Data:
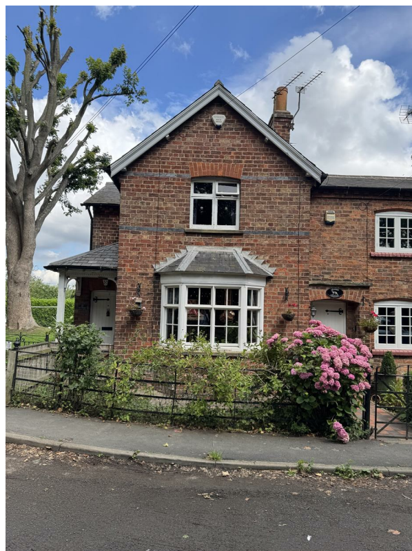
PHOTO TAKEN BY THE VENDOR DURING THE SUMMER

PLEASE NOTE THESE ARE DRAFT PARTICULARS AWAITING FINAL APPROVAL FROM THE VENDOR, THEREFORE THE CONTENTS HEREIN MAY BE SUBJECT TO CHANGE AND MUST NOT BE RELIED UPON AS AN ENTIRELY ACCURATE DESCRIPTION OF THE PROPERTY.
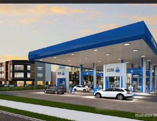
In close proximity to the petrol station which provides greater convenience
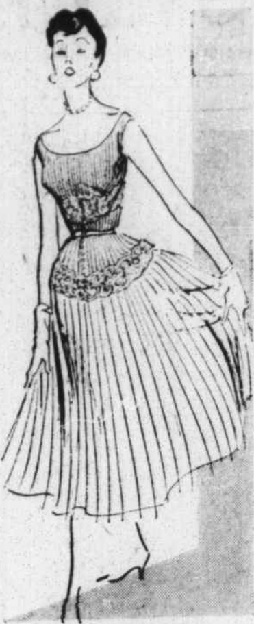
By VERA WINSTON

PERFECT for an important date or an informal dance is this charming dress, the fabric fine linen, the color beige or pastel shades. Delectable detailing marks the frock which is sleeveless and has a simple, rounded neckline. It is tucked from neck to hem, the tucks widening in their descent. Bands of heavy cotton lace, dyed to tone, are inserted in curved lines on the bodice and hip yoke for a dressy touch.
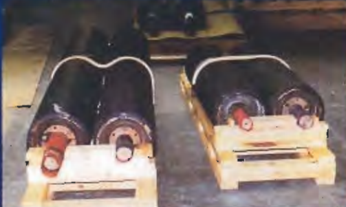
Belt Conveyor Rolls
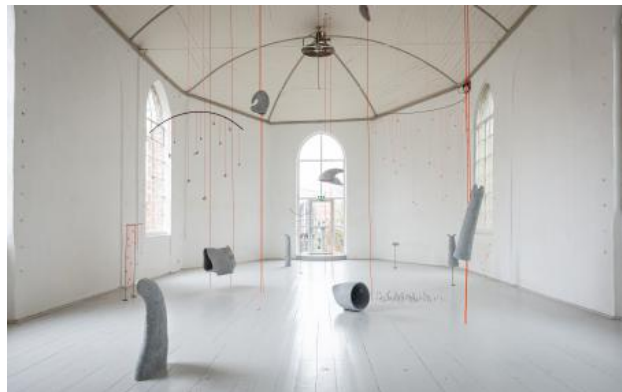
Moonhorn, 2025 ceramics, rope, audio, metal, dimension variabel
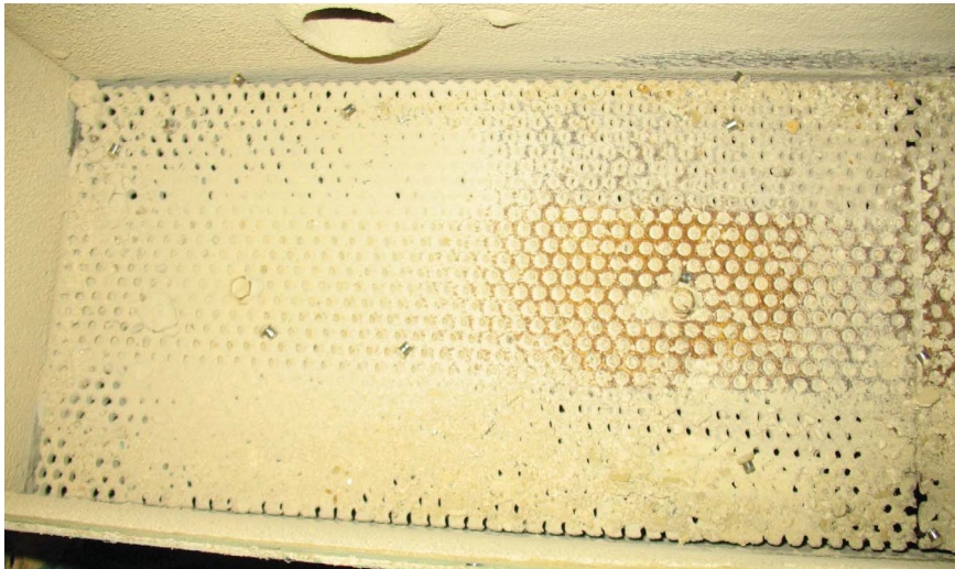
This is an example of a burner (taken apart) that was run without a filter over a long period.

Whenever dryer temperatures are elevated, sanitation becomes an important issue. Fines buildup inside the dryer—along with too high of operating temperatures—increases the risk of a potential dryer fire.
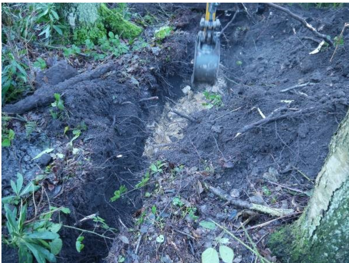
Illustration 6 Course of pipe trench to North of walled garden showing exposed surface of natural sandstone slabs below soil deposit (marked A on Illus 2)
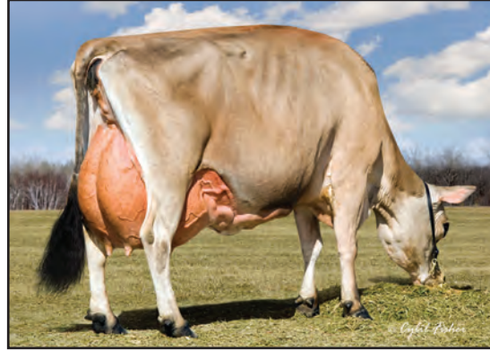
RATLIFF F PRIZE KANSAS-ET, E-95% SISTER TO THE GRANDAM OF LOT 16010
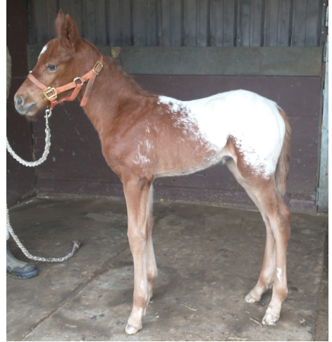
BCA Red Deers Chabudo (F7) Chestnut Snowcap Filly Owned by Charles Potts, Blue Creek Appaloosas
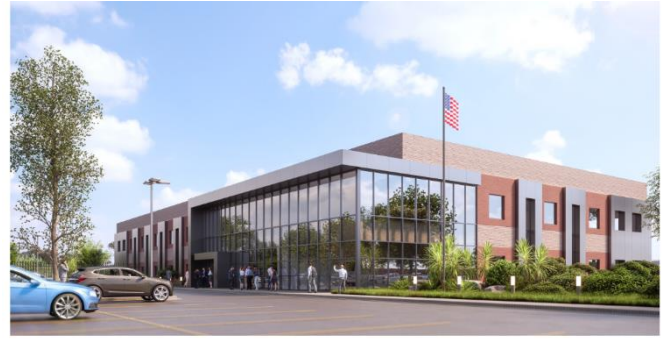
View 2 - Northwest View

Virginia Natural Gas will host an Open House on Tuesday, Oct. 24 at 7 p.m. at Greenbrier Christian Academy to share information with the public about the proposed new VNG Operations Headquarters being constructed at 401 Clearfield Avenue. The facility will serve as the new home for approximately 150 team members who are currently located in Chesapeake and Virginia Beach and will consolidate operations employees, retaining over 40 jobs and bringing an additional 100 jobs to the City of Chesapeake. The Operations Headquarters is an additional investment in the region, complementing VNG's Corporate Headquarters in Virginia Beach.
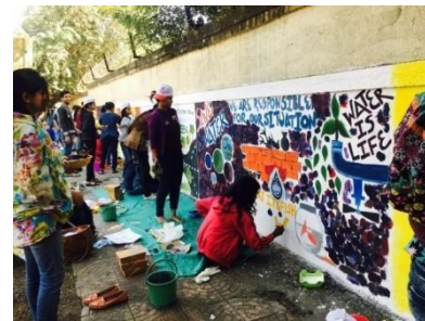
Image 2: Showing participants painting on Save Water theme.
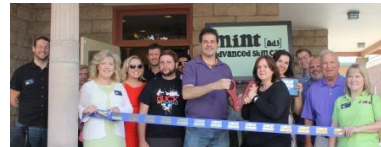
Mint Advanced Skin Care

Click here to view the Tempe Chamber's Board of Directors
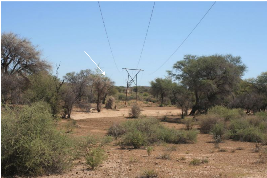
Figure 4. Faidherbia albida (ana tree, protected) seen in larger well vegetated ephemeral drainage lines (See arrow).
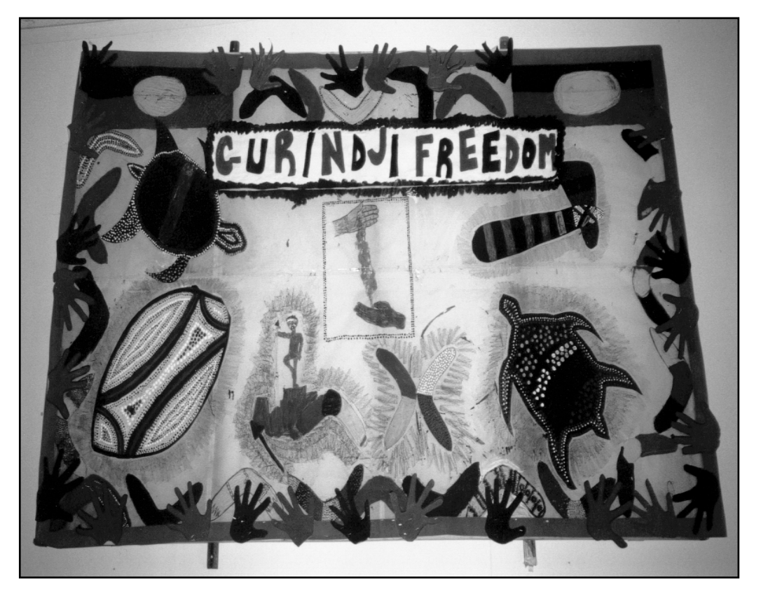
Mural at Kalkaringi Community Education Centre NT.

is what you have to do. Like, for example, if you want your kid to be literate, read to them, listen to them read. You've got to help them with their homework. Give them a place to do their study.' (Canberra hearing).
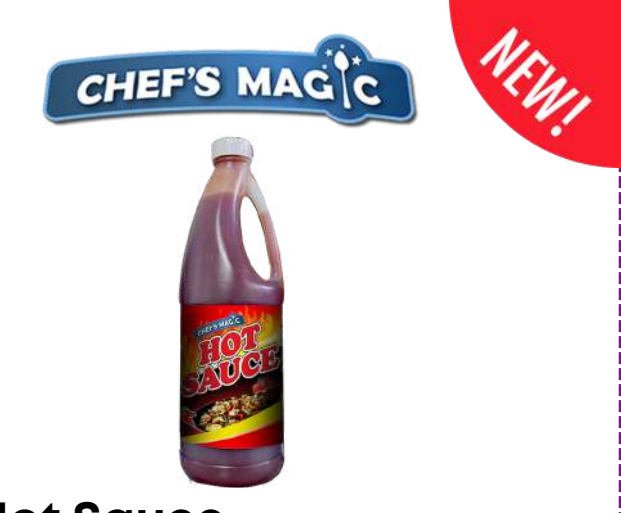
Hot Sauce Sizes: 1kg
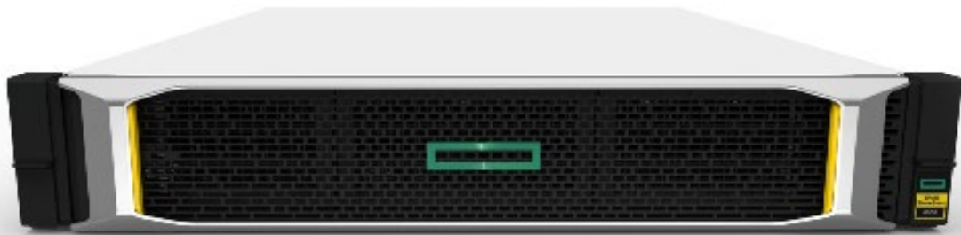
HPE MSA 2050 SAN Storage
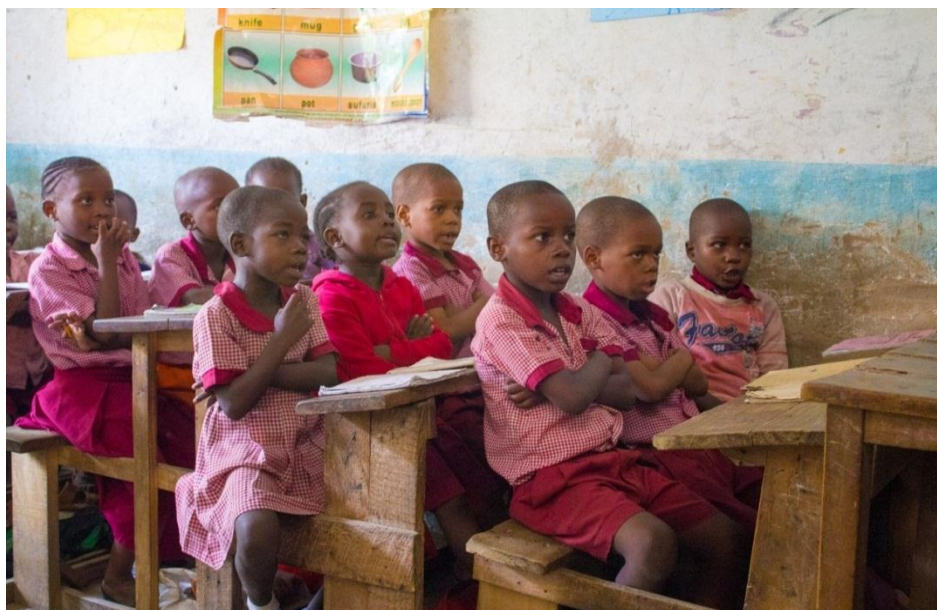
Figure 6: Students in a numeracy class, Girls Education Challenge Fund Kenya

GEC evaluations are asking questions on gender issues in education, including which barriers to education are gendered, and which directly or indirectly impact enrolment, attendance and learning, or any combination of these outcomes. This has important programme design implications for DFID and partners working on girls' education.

Task brief: Any picture in the material is to be dropped; the rest is repeated exactly.

Output below:
PHOTO TAKEN BY THE VENDOR DURING THE SUMMER

PLEASE NOTE THESE ARE DRAFT PARTICULARS AWAITING FINAL APPROVAL FROM THE VENDOR, THEREFORE THE CONTENTS HEREIN MAY BE SUBJECT TO CHANGE AND MUST NOT BE RELIED UPON AS AN ENTIRELY ACCURATE DESCRIPTION OF THE PROPERTY.
In close proximity to the petrol station which provides greater convenience
By VERA WINSTON

PERFECT for an important date or an informal dance is this charming dress, the fabric fine linen, the color beige or pastel shades. Delectable detailing marks the frock which is sleeveless and has a simple, rounded neckline. It is tucked from neck to hem, the tucks widening in their descent. Bands of heavy cotton lace, dyed to tone, are inserted in curved lines on the bodice and hip yoke for a dressy touch.
Belt Conveyor Rolls
Moonhorn, 2025 ceramics, rope, audio, metal, dimension variabel
This is an example of a burner (taken apart) that was run without a filter over a long period.

Whenever dryer temperatures are elevated, sanitation becomes an important issue. Fines buildup inside the dryer—along with too high of operating temperatures—increases the risk of a potential dryer fire.
Illustration 6 Course of pipe trench to North of walled garden showing exposed surface of natural sandstone slabs below soil deposit (marked A on Illus 2)
RATLIFF F PRIZE KANSAS-ET, E-95% SISTER TO THE GRANDAM OF LOT 16010
BCA Red Deers Chabudo (F7) Chestnut Snowcap Filly Owned by Charles Potts, Blue Creek Appaloosas
View 2 - Northwest View

Virginia Natural Gas will host an Open House on Tuesday, Oct. 24 at 7 p.m. at Greenbrier Christian Academy to share information with the public about the proposed new VNG Operations Headquarters being constructed at 401 Clearfield Avenue. The facility will serve as the new home for approximately 150 team members who are currently located in Chesapeake and Virginia Beach and will consolidate operations employees, retaining over 40 jobs and bringing an additional 100 jobs to the City of Chesapeake. The Operations Headquarters is an additional investment in the region, complementing VNG's Corporate Headquarters in Virginia Beach.
Image 2: Showing participants painting on Save Water theme.
Mint Advanced Skin Care

Click here to view the Tempe Chamber's Board of Directors
Figure 4. Faidherbia albida (ana tree, protected) seen in larger well vegetated ephemeral drainage lines (See arrow).
Mural at Kalkaringi Community Education Centre NT.

is what you have to do. Like, for example, if you want your kid to be literate, read to them, listen to them read. You've got to help them with their homework. Give them a place to do their study.' (Canberra hearing).
Hot Sauce Sizes: 1kg
HPE MSA 2050 SAN Storage
Figure 6: Students in a numeracy class, Girls Education Challenge Fund Kenya

GEC evaluations are asking questions on gender issues in education, including which barriers to education are gendered, and which directly or indirectly impact enrolment, attendance and learning, or any combination of these outcomes. This has important programme design implications for DFID and partners working on girls' education.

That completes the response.